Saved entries
Content starts

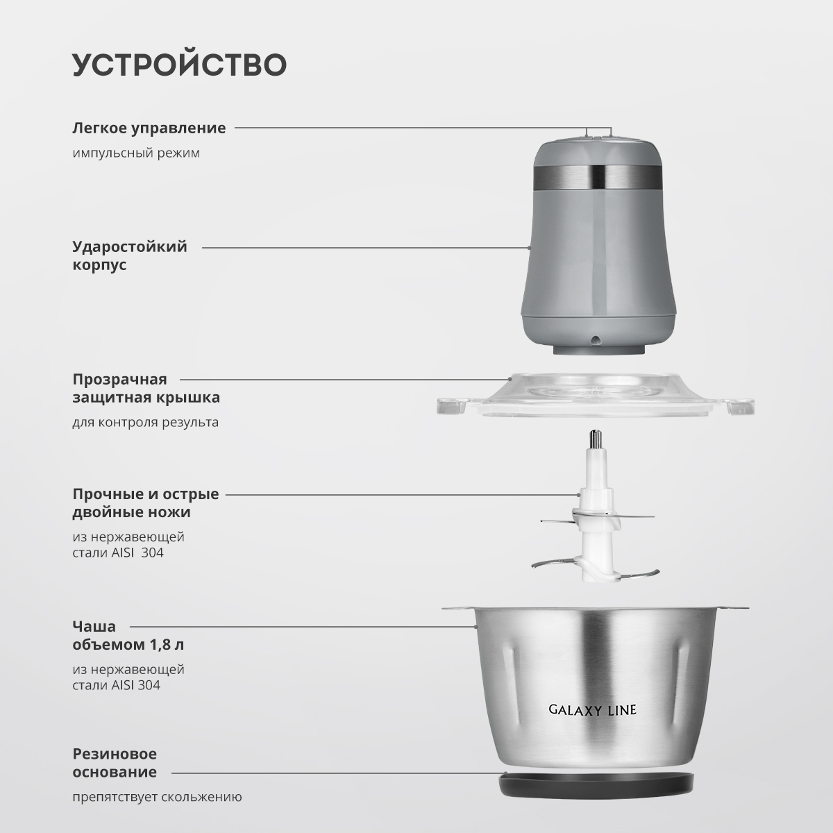 Чаша объемом 1,8 л из нержавеющей стали AISI 304
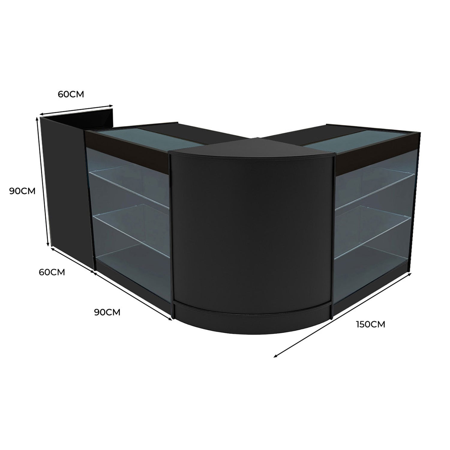 De CM60 gebogen hoekbalie brengt ruimtebesparende functionaliteit en een vloeiende overgang in uw winkelindeling. Het compacte, gebogen ontwerp past netjes in hoeken of verbindt naadloos met rechte balies, voor een samenhangend countersysteem. De gesloten voorkant zorgt voor een strakke, opgeruimde uitstraling, terwijl twee interne schappen (alleen bereikbaar via de achterzijde) discreet opslagruimte bieden voor voorraad of benodigdheden – een slimme oplossing om hoeken optimaal te benutten zonder uw opstelling te onderbreken.
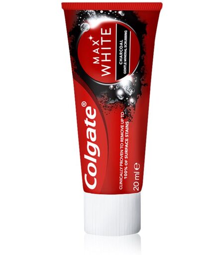 Colgate Max White Charcoal, 20 ml, Dentifrices blanchissants mixte, Le dentifriceColgate Max White Charcoal est conçu pour délicatement blanchir vos dents. Son utilisation régulière supprime efficacement la pigmentation dentaire, elle vous rend votre sourire radieux. Le produit : blanchit les dents lutte contre la carie dentaire et le tartre dentaire Mode d’emploi : Utilisez au moins 2 fois par jour. Nettoyez vos dents minutieusement pendant au moins 2 minutes. ...
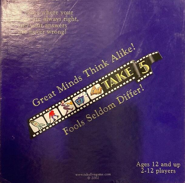 Players write their 5 best answers to questions on cards... i.e. 'Name 5 fictional characters you would like to invite to dinner.' Players then compare answers and tally matches and non-matches. There are 15 questions per game. The player with the lowest difference in matches and non-matches though the fun of the game is mostly found in the interesting...
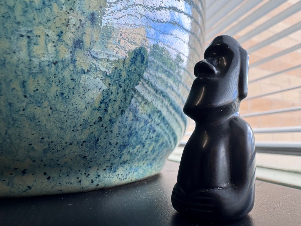 I wound up using the Moai statuettes and imagery in future sessions with this patient. We worked out that if I found myself slowing and deepening my voice, there was something in the room with us, about her need to slow down with me. Before long that way with one patient became a tool in my therapeutic toolbox; I use it quite a lot now, with dads and mums alike, and even with babies and small children in the room.
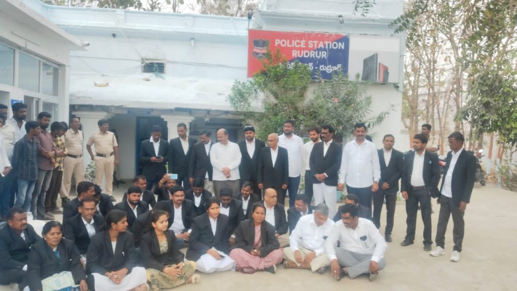 పోలీస్ స్టేషన్ ఎదుట న్యాయవాదుల ధర్నా…
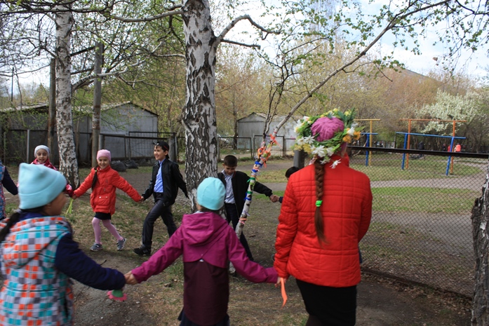 Так, в завершении учебного года для детей была организована игровая программа, посвященная календарно-обрядовым традициям русского народа. Библиотека совместно со специалистами Центра традиционной народной культуры Среднего Урала познакомили ребят с праздником Троицы – с одним из красивейших праздников в народном календаре славян. Вместе с ребятами были проведены обряды «кумления» и «завивания берёзки». Дети, загадывая желания, украшали берёзку яркими ленточками, водили вокруг нее хороводы, пели песни и играли в подвижные народные игры.

Content ends

* [WHAT YOU SHOULD DO]: Copy exactly, with no pictures, the lines from the line containing "పోలీస్ స్టేషన్ ఎదుట న్యాయవాదుల ధర్నా…" through the last line of the records above.

* [SOLUTION FOR THIS TASK]:
 పోలీస్ స్టేషన్ ఎదుట న్యాయవాదుల ధర్నా…
 Так, в завершении учебного года для детей была организована игровая программа, посвященная календарно-обрядовым традициям русского народа. Библиотека совместно со специалистами Центра традиционной народной культуры Среднего Урала познакомили ребят с праздником Троицы – с одним из красивейших праздников в народном календаре славян. Вместе с ребятами были проведены обряды «кумления» и «завивания берёзки». Дети, загадывая желания, украшали берёзку яркими ленточками, водили вокруг нее хороводы, пели песни и играли в подвижные народные игры.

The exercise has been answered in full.